EXERCISE DETAILS -
Repeat the records below word for word and omit each image.

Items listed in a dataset
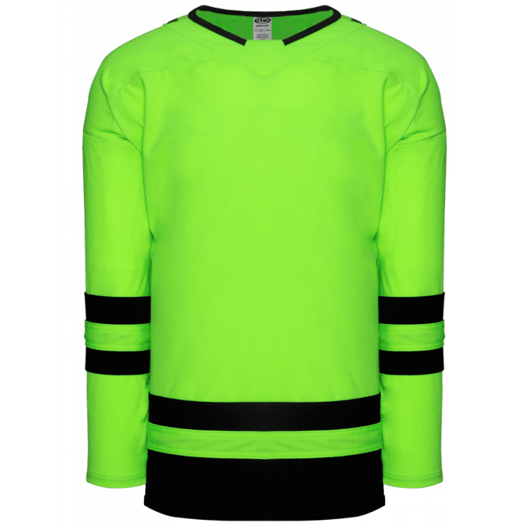 Blank Dallas Stars Blackout hockey jerseys feature pro-weight AK-Knit fabric with black and neon green patterns. Athletic Knit DAL655B DAL656B blank hockey jersey also features 2-layers of material on the shoulders / elbows, an edge neck with sewn trim and a rounded bottom hem. Buy blank or customize with screen printing or tackle twill logos, numbers and player names. Purchase youth through adult goalie cut sizes.
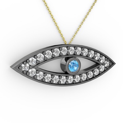 Akuamarin ve swarovski 925 ayar siyah rodyum kaplama gümüş kolye (40 cm gümüş rolo zincir)
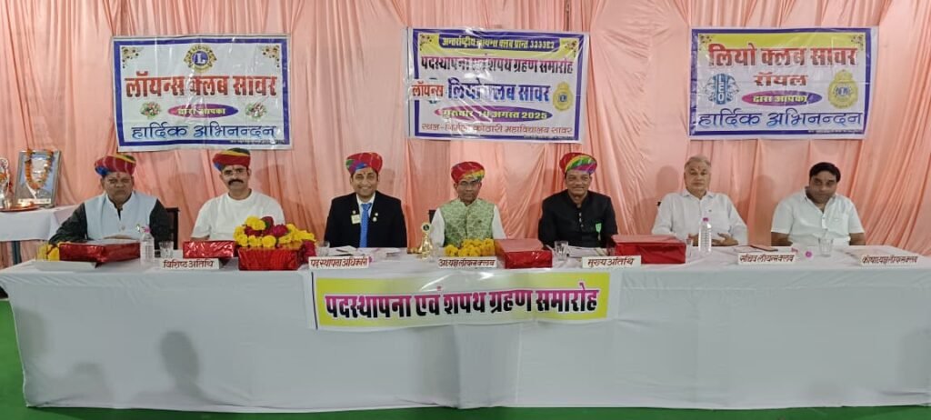 समारोह के पद स्थापना अधिकारी एवं उप प्रांत पाल लायन निशांत जैन ने कहा कि नर सेवा नारायण सेवा के बराबर है। हमें क्लब के माध्यम से निरंतर सेवा कार्य करते रहना चाहिए। उन्होंने सदस्यता वृद्धि एवं सावर में लियो क्लब खोलने की बधाई देते हुए नए सदस्य प्रेमचंद मोची, अरुण कुमार गर्ग, श्रीमती नीलम कौशिक, नेमीचंद खटीक, केदारमल जांगिड़ को सदस्यता एवं गोपनीयता एवं विधान के प्रति वफादार रहने की शपथ दिलाकर, पिन लगाकर लायंस क्लब के सदस्य बनाएं। तथा अध्यक्ष लायन रामेश्वर प्रसाद सुवालका के नेतृत्व में सचिव अशोक कुमार जैन, कोषाध्यक्ष अविनाश कोठारी, क्लब प्रशासक भूपेंद्र सिंह शक्तावत, उपाध्यक्ष रामदेव प्रजापत, मेंबरशिप चेयरपर्सन नरपत सिंह मेड़तिया, क्लब सर्विस चेयरपर्सन एवं लियो एडवाइजर मनोज कुमार सैनी, क्लब मार्केटिंग एंड कम्युनिकेशन सुमन कोठारी, सी. आई. एफ. चेयरपर्सन वीरेंद्र कुमार चौहान, सह कोषाध्यक्ष पूनम सैनी, सह सचिव विलोक जैन, जीएमटी कोर्डिनेटर सुशीला सुवालका, जीएलटी कोर्डिनेटर किरण जैन, टेमर मधु चौहान, टेम ट्विस्टर निधि जैन एवं संचालक मंडल एवं निदेशक रामकिशन सु, मनोहर कंवर, कैलाशी प्रजापत एवं हेमलता सुवालका को पद व गोपनीयता की शपथ दिलाकर पदासीन किया।
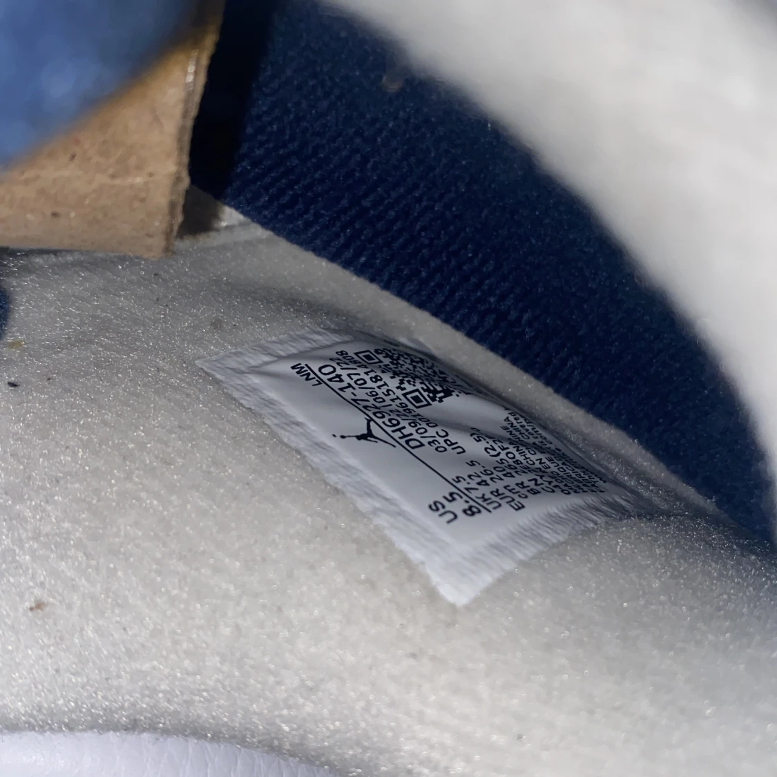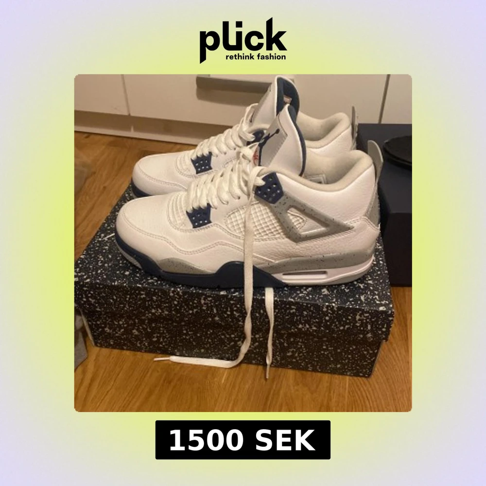 Nike Air Jordan 4 navy blue med vit ovandel i skinn, grå och marinblå detaljer samt röd Jumpman-logga på plösen och sulan. Klassisk siluett med snörning och meshpaneler på sidorna. Snygg kontrast mellan de olika färgerna och speckled midsole.
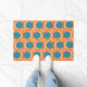 Esta porta tem uma design moderna do século médio de círculos laranja abertos, com círculos teóricos sólidos que atravessam o padrão com linhas verticais lacrimogêneas e linhas horizontais laranja.
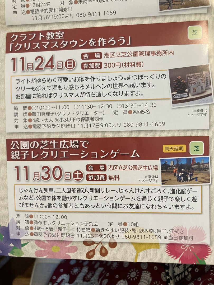 ライトがゆらめく可愛いお家を作りましょう。まつぼっくりのツリーも添えて温もり感じるメルヘンの世界へ誘います。お部屋に飾ればクリスマスが待ち遠しくなりますよ。定員は各回5名で、対象は4歳から大人まで(小3以下は保護者同伴)。
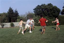 USA. 1967. Robert Kennedy playing football with his family.
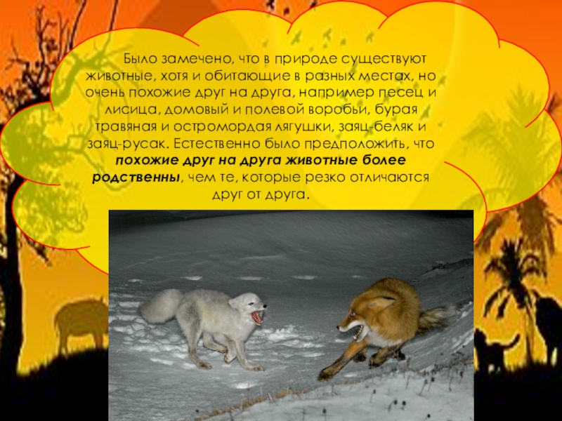 хотя и обитающие в разных местах, но очень похожие друг на друга, например песец и лисица, домовый и полевой воробьи, бурая травяная и остромордая лягушки, заяц-беляк и заяц-русак. Естественно было предположить, что похожие друг на друга животные более родственны, чем те, которые резко отличаются друг от друга.
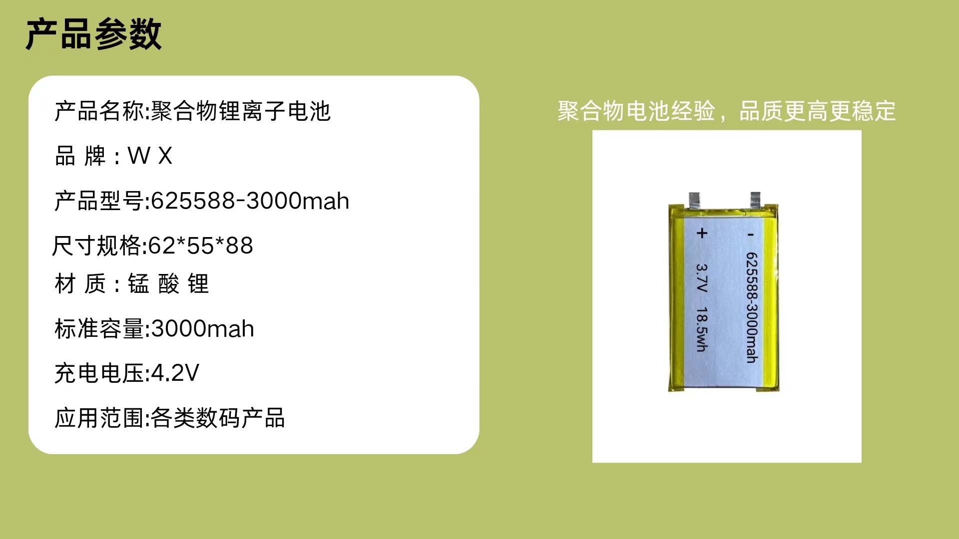 625588 Полимерный литиевый аккумулятор 3.7В Умный замок Модель 3000 мАч Портативный источник питания Большая емкость

EXERCISE OUTPUT -
 Blank Dallas Stars Blackout hockey jerseys feature pro-weight AK-Knit fabric with black and neon green patterns. Athletic Knit DAL655B DAL656B blank hockey jersey also features 2-layers of material on the shoulders / elbows, an edge neck with sewn trim and a rounded bottom hem. Buy blank or customize with screen printing or tackle twill logos, numbers and player names. Purchase youth through adult goalie cut sizes.
 Akuamarin ve swarovski 925 ayar siyah rodyum kaplama gümüş kolye (40 cm gümüş rolo zincir)
 समारोह के पद स्थापना अधिकारी एवं उप प्रांत पाल लायन निशांत जैन ने कहा कि नर सेवा नारायण सेवा के बराबर है। हमें क्लब के माध्यम से निरंतर सेवा कार्य करते रहना चाहिए। उन्होंने सदस्यता वृद्धि एवं सावर में लियो क्लब खोलने की बधाई देते हुए नए सदस्य प्रेमचंद मोची, अरुण कुमार गर्ग, श्रीमती नीलम कौशिक, नेमीचंद खटीक, केदारमल जांगिड़ को सदस्यता एवं गोपनीयता एवं विधान के प्रति वफादार रहने की शपथ दिलाकर, पिन लगाकर लायंस क्लब के सदस्य बनाएं। तथा अध्यक्ष लायन रामेश्वर प्रसाद सुवालका के नेतृत्व में सचिव अशोक कुमार जैन, कोषाध्यक्ष अविनाश कोठारी, क्लब प्रशासक भूपेंद्र सिंह शक्तावत, उपाध्यक्ष रामदेव प्रजापत, मेंबरशिप चेयरपर्सन नरपत सिंह मेड़तिया, क्लब सर्विस चेयरपर्सन एवं लियो एडवाइजर मनोज कुमार सैनी, क्लब मार्केटिंग एंड कम्युनिकेशन सुमन कोठारी, सी. आई. एफ. चेयरपर्सन वीरेंद्र कुमार चौहान, सह कोषाध्यक्ष पूनम सैनी, सह सचिव विलोक जैन, जीएमटी कोर्डिनेटर सुशीला सुवालका, जीएलटी कोर्डिनेटर किरण जैन, टेमर मधु चौहान, टेम ट्विस्टर निधि जैन एवं संचालक मंडल एवं निदेशक रामकिशन सु, मनोहर कंवर, कैलाशी प्रजापत एवं हेमलता सुवालका को पद व गोपनीयता की शपथ दिलाकर पदासीन किया।
 Nike Air Jordan 4 navy blue med vit ovandel i skinn, grå och marinblå detaljer samt röd Jumpman-logga på plösen och sulan. Klassisk siluett med snörning och meshpaneler på sidorna. Snygg kontrast mellan de olika färgerna och speckled midsole.
 Esta porta tem uma design moderna do século médio de círculos laranja abertos, com círculos teóricos sólidos que atravessam o padrão com linhas verticais lacrimogêneas e linhas horizontais laranja.
 ライトがゆらめく可愛いお家を作りましょう。まつぼっくりのツリーも添えて温もり感じるメルヘンの世界へ誘います。お部屋に飾ればクリスマスが待ち遠しくなりますよ。定員は各回5名で、対象は4歳から大人まで(小3以下は保護者同伴)。
 USA. 1967. Robert Kennedy playing football with his family.
 хотя и обитающие в разных местах, но очень похожие друг на друга, например песец и лисица, домовый и полевой воробьи, бурая травяная и остромордая лягушки, заяц-беляк и заяц-русак. Естественно было предположить, что похожие друг на друга животные более родственны, чем те, которые резко отличаются друг от друга.
 625588 Полимерный литиевый аккумулятор 3.7В Умный замок Модель 3000 мАч Портативный источник питания Большая емкость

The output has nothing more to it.